Чуть позже, когда ходатай за спасение ее души, погасив свечи и сняв облачение, удалился, матушка после отпущения грехов не захотела больше рисковать и, погрузившись в состояние благодати, стала перебирать четки пальцами левой руки — пять и пять будет десять. Она разжала губы еще только два раза. Первый раз, чтобы дать возможность сидящей в ней почтенной представительнице буржуазного рода сообщить мне, что ее дела на земле урегулированы, так же как и на небесах:
— Мое завещание… у Дибона.
Во второй раз — чтобы справиться о судьбе посланных мною телеграмм:
— Ты… не получил… ответа?
Я сказал, что еще не получил, и мадам Резо, названная бабушка Саломеи Форю, закрыла глаза, из которых медленно выкатились крупные слезы. Потом она стала постепенно покидать свою телесную оболочку. Когда около пяти часов вернулся доктор Флормонтэн, он мог только констатировать, что давление понизилось, едва прощупываемый пульс участился. Сиделки он не нашел, но в ней уже не было необходимости. Уходя, он столкнулся с Жаннэ, который пробыл всего две минуты: я тут же отправил его домой: у Мари начались схватки. В ближайшие часы я ничего не ждал ни от Обэна, ни от Бландины, на приезд которых в лучшем случае можно было рассчитывать не раньше следующего дня; ничего не ждал я и от братьев — они были в отпуске и, вероятно, где-нибудь путешествовали, так что с ними трудно было связаться. Я не ждал и Бертиль, чья тетка жила в пятидесяти километрах от Буржа, в каком-то невероятном захолустье, где не было ни поезда, ни автобуса. Но трудности часто оборачиваются к нашей выгоде: когда около полуночи мадам Глэ уже собиралась уйти и оставить меня одного, явилась совершенно измученная Бертиль — она перескакивала из одной попутной машины в другую и в конце концов прибыла на мешке с картофелем, остановив по дороге грузовик, направлявшийся на Центральный рынок.
Сначала она сухо сказала:
— Нужно же было, чтобы твоя мать приехала умирать сюда!

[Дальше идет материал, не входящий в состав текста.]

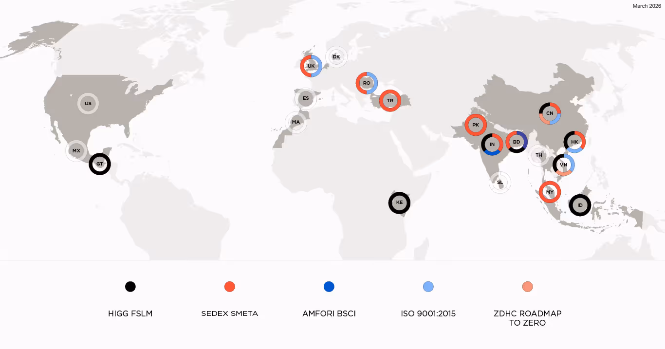 As a key part of the supply chain, we believe that being on top of our compliance is vital. Thanks to ProductDNA®, we can monitor ESG compliance across our production sites, a continuing process in which we strive to protect the health, safety, and rights of our employees, community, and the environment in which they operate. To do so, we rely on social compliance standards that authenticate that international and local labor rights are respected, such as amfori BSCI, Sedex SMETA, and Higg FEM.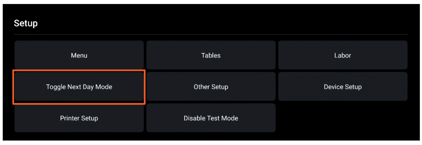Follow these steps to configure next day mode in Toast Web: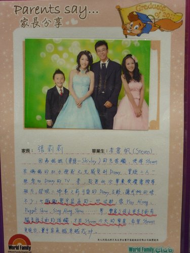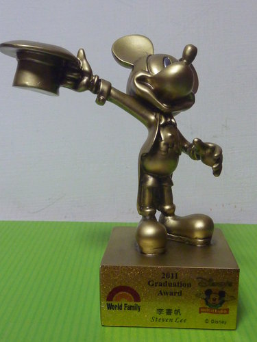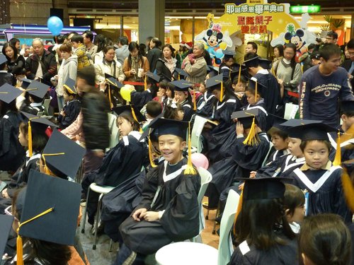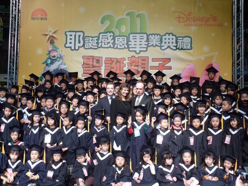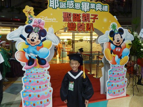 今天中午,媽媽帶我去台北參加迪士尼美語的畢業典禮,因為我通過了畢業測驗,所以我才可以順利的畢業,畢業了有很多東西可以領,這些東西都很好。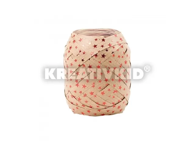 Karácsonyi jumbó tojáskötöző Space, 12 m x 10 mm, barna alapon piros csillagokkal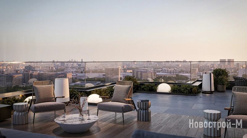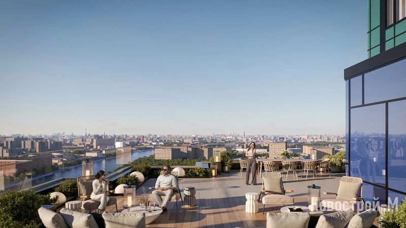 На 35 этаже разместится Sky Lounge — общественная терраса с захватывающими видами на город и Москву-реку. Перед выходом на террасу расположится мультифункциональное лаунж-пространство с кофе-поинтом и детской игровой комнатой.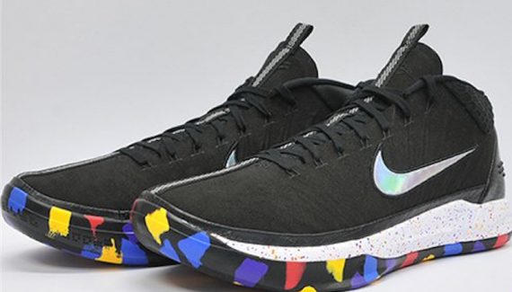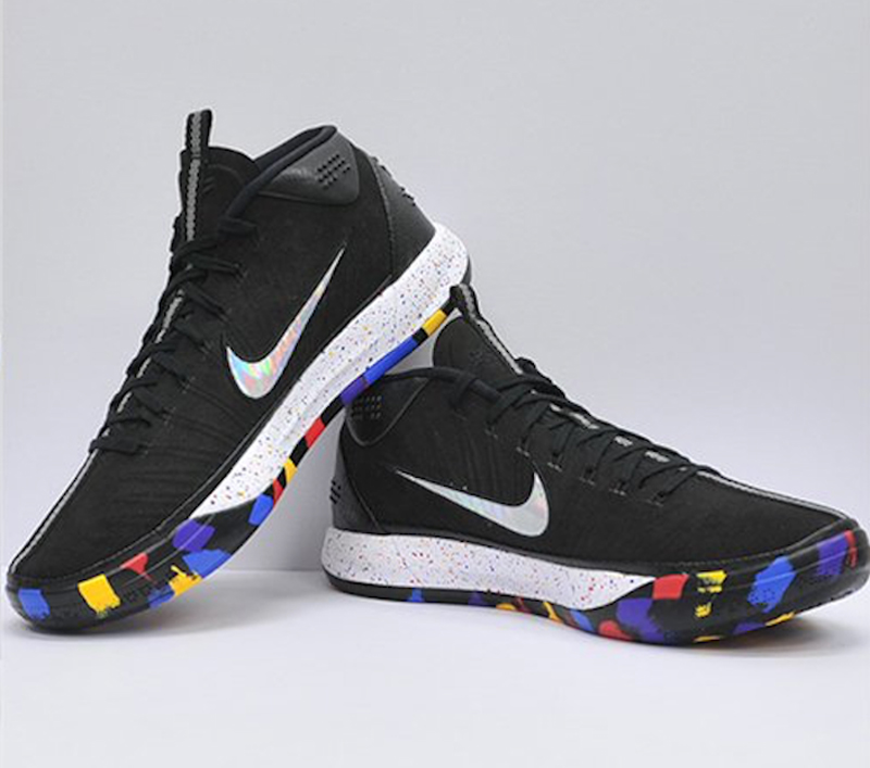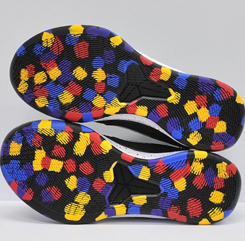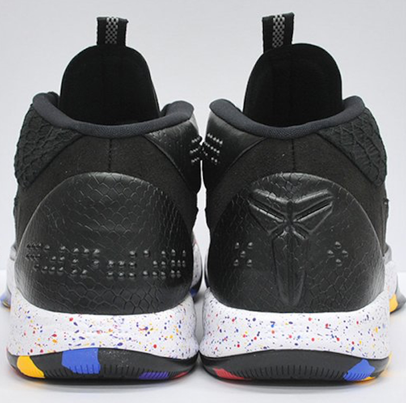 Face au blanc de la chaussure de Paul George, celle du Black Mamba opposera une tige noire. Elle proposera elle aussi une semelle externe décorée par des coups de pinceau rouge, jaune, violet et bleu.

Потом, противореча самой себе, ахнула, что я до сих пор не предупредил всех Дару: семья цементируется — я вечно забываю об этом — солью крестин, сахаром варенья и содой сожалений. Я дал ей возможность исправить эту ошибку, благодаря чему новость распространилась, и телефон трезвонил всю ночь: один раз, правда, мадам Биони, колеблясь между скорбью и ликованием, сообщила мне, что у Мари уже отошли воды и что Жаннэ увозит ее в клинику.

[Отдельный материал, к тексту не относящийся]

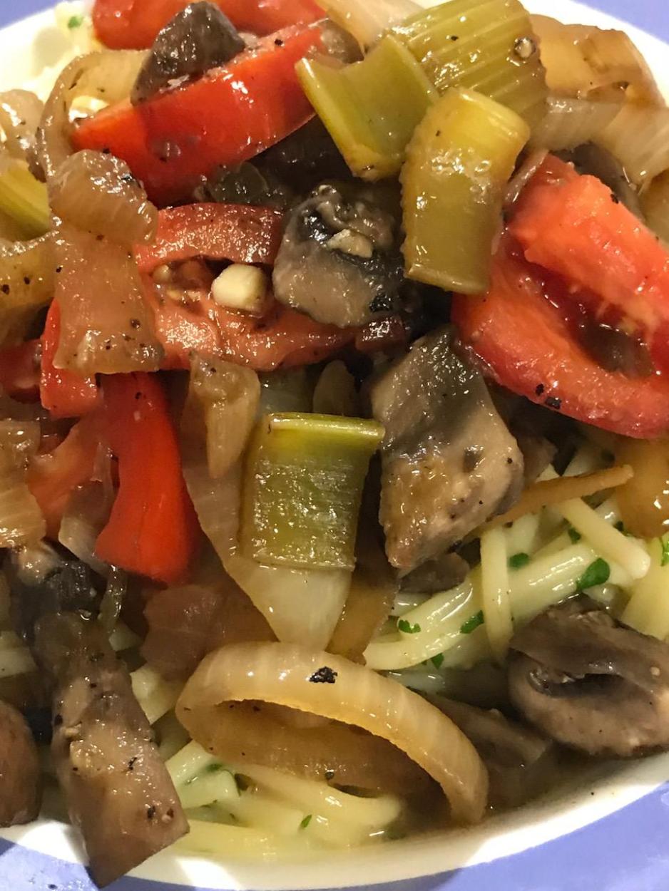 The next night I reheated the spaghetti in a large skillet with some water to thin it, then cooked to evaporate some of the water while plumping the spaghetti. I then added the leftover vegetables to the skillet and mixed them in. Additional salt, pepper and garlic powder to taste was all it took to make a superior tasting and feeling pasta bowl with mushroom and veggies. Out of sight delicious.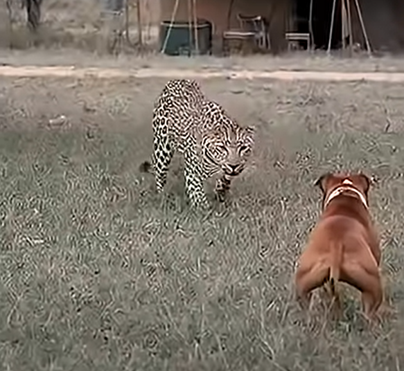 The question posed by the title—”Can the dog rescue the puppy from the leopard’s deadly attack?”—is the core of the drama. Can raw numbers and loyalty overcome the leopard’s superior hunting abilities and lethal training? The image shows the initial collision, but the ensuing chaos and the roar of the animals are impossible to fully capture in words.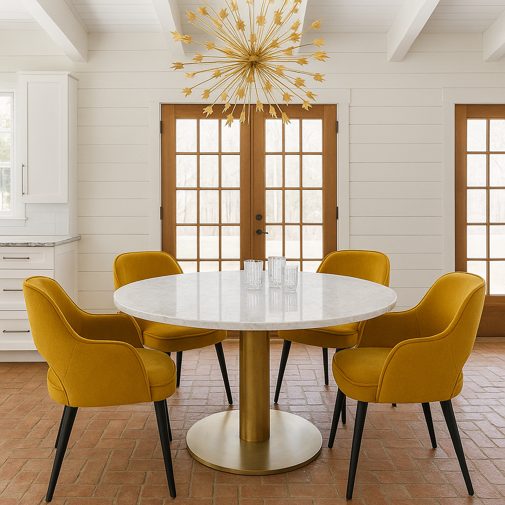 Runder Couchtisch aus Holz mit Marmorplatte – skulpturales Design – Ø 84 cm – modern & organisch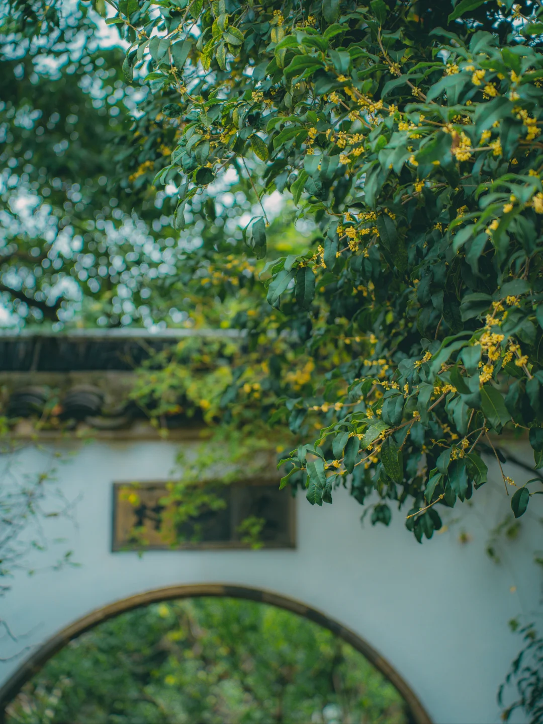 “桂子月中落,天香云外飘” 在留园又一村的月洞门前 我真正读懂了这句诗的意境 白墙黛瓦的圆拱门后 那株老桂树正簌簌洒下碎金 秋风穿门而过 把甜糯的香气酿成陈年的酒 醉得青石板都泛着温润的光 今早看桂时想到 我们追逐的从来不是花本身 而是这扇门框住的 中国人骨子里的浪漫—— 把无常的时光 凝固成圆满的符号 - ✨️10.21中午实拍!!!桂花开了! -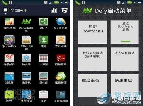 4、手机最后一次重启完成之后进入菜单界面选择“Defy启动菜单”,期间会提示授权申请,点击允许即可。在之后的界面里选择“安装BootMenu”,安装完成之后点击进入恢复模式。

— Жан! — услышал я справа от себя шепот.
Я подскочил. Нет, это не матушка, она не просыпается. Она очень редко звала меня по имени. Так же как я сам называл ее то «Психимора», то «старуха», то «сова», то «мадам мамаша», то «мадам Резо», то просто «мадам», произнося слово «мама» только в насмешку, она тоже, в зависимости от того, с кем говорила, называла меня то «мой сын», то «твой брат», то «ваш муж», то «он», то «этот парень», то «второй», то «другой», а иногда даже (dixit[16] мадам Ломбер) «гурнеец» или «писака». Нет, это Бертиль встала с постели, чтобы сменить меня.
— Пойди приляг немного.
Она же и расталкивает меня. Зяблики, гнездящиеся в декоративной сливе у самого дома, щебечут напропалую. Уже совсем рассвело. Значит, я заспался.

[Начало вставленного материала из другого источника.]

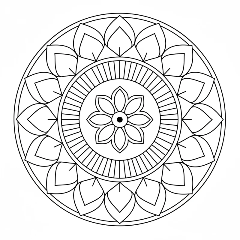 Ce coloriage mandala pour débutants combine élégance et simplicité. Imprimez-le gratuitement et laissez libre cours à votre imagination avec les couleurs de votre choix. Une activité relaxante recommandée pour gérer le stress quotidien.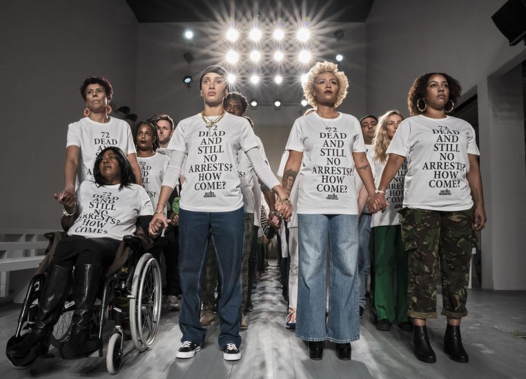 Justice4Grenfell activists protest at London Fashion Week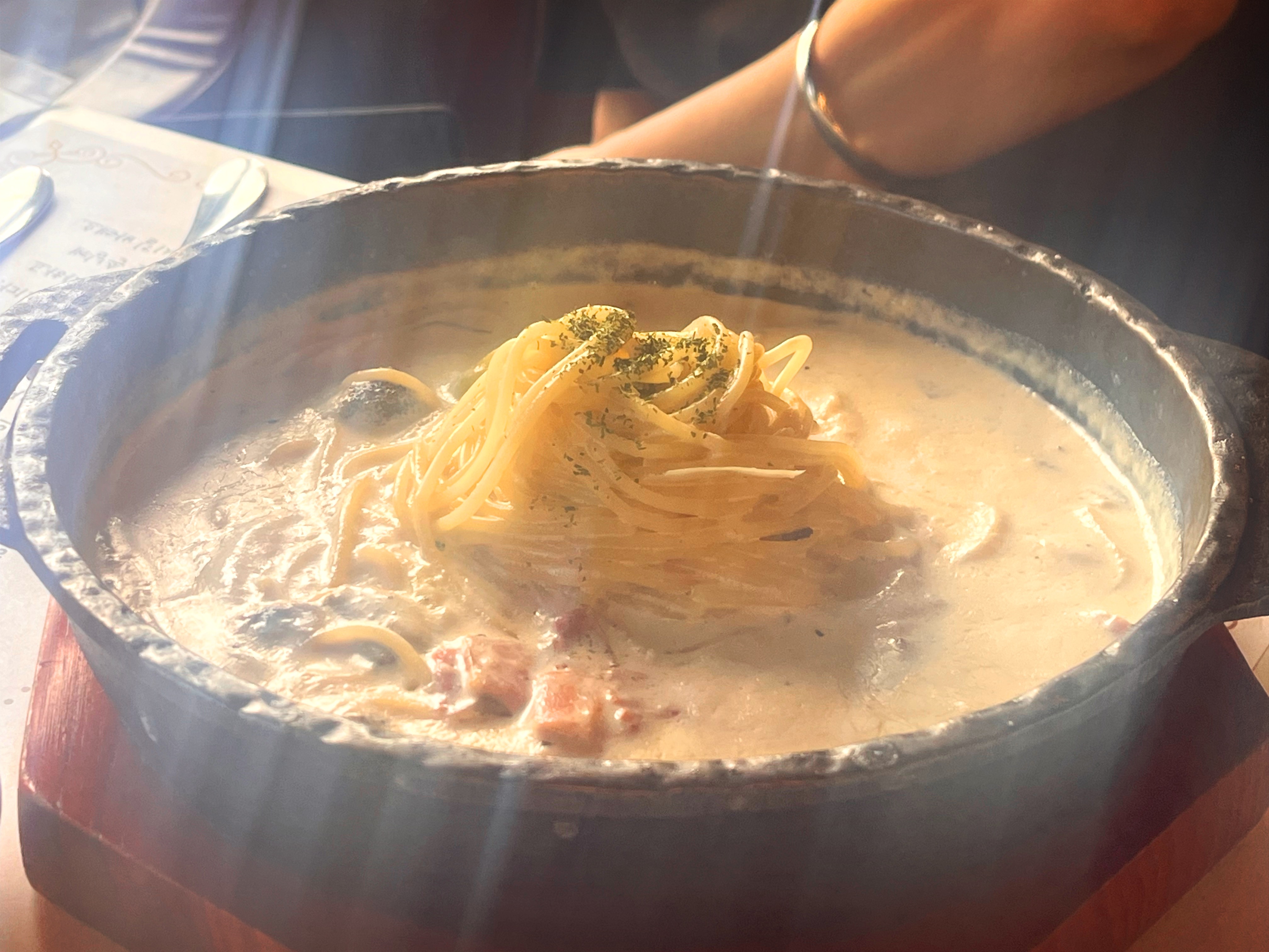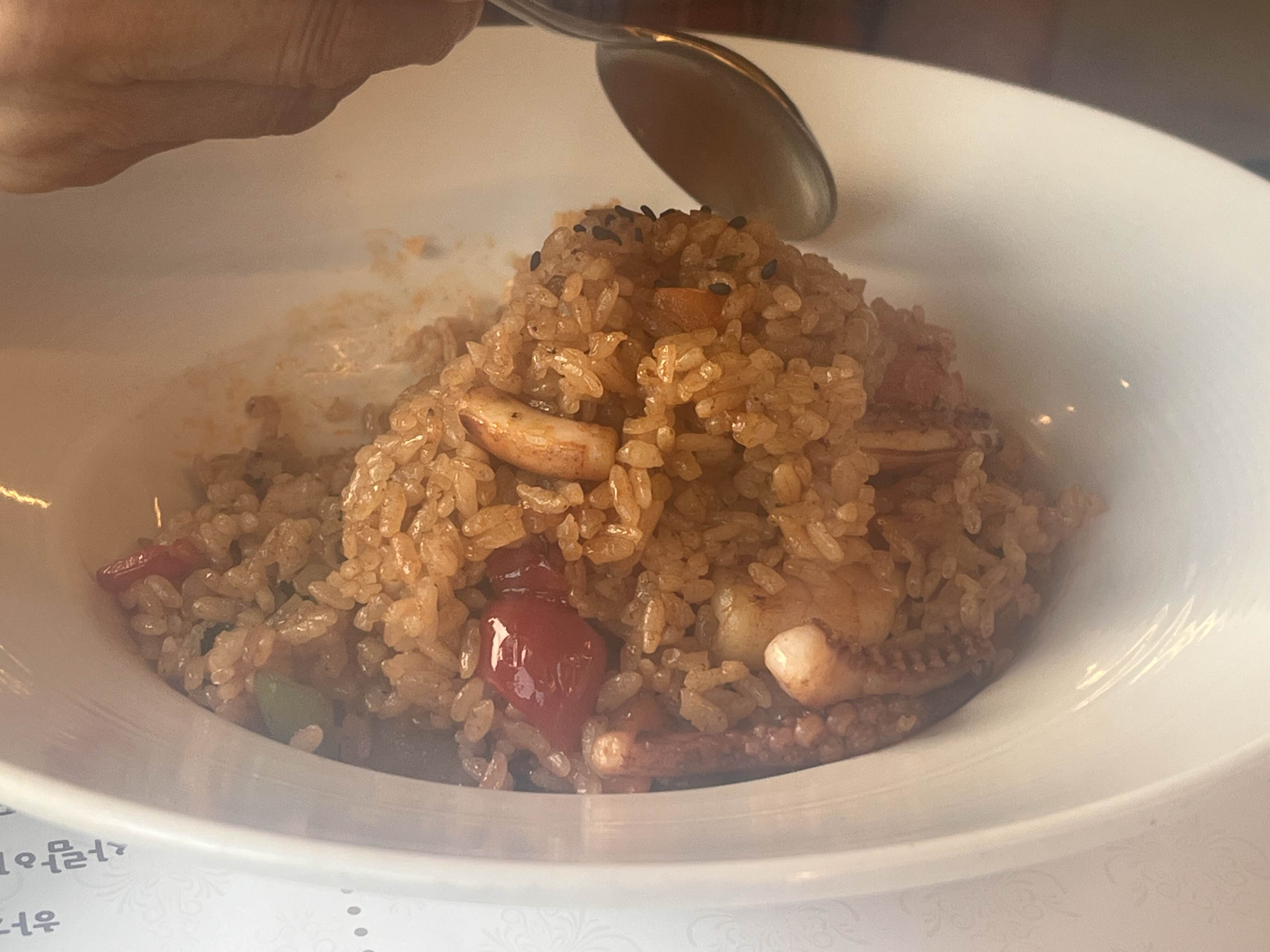 가격이 높은 편이긴 하지만 그만큼 양이 많았어요. 특히 누룽지파스타(22,000) 같은 경우는 파스타 밑에 누룽지가 깔려 있어서 1.5인분 같은 느낌! 크림소스 좋아하시는 분들은 소스 안 남기고 싶어하시잖아요~ 근데 여긴 누룽지가 이미 깔려 있어서 소스랑 같이 밥을 먹을 수 있어서 별미예요! 소고기라이스의 경우엔 간이 좀 심심한 편인데, 아이들이랑 오셨을 때 시켜주시면 자극적이지 않아서 좋을 거 같아요. 갈릭오일파스타는 조금 자극적이면서도 짜지는 않은 적당한 간이고, 해물라이스는 오징어가 많이 들어가있더라구요.

— Нет, она все еще держится, — отвечает Бертиль на мой безмолвный вопрос. — Я разбудила тебя потому, что звонили Бландина и Жаннэ.
Голова ее падает мне на плечо.
— У тебя родилась внучка Моника. Я не осмеливаюсь посылать тебя взглянуть на нее. Твоя мать все же очень плоха. Ты слышишь?
Я встряхиваюсь, одергиваю куртку, ибо спал я одетый и в обуви, прямо на покрывале. Иду по коридору, оглашаемому прерывистым хрипом агонии.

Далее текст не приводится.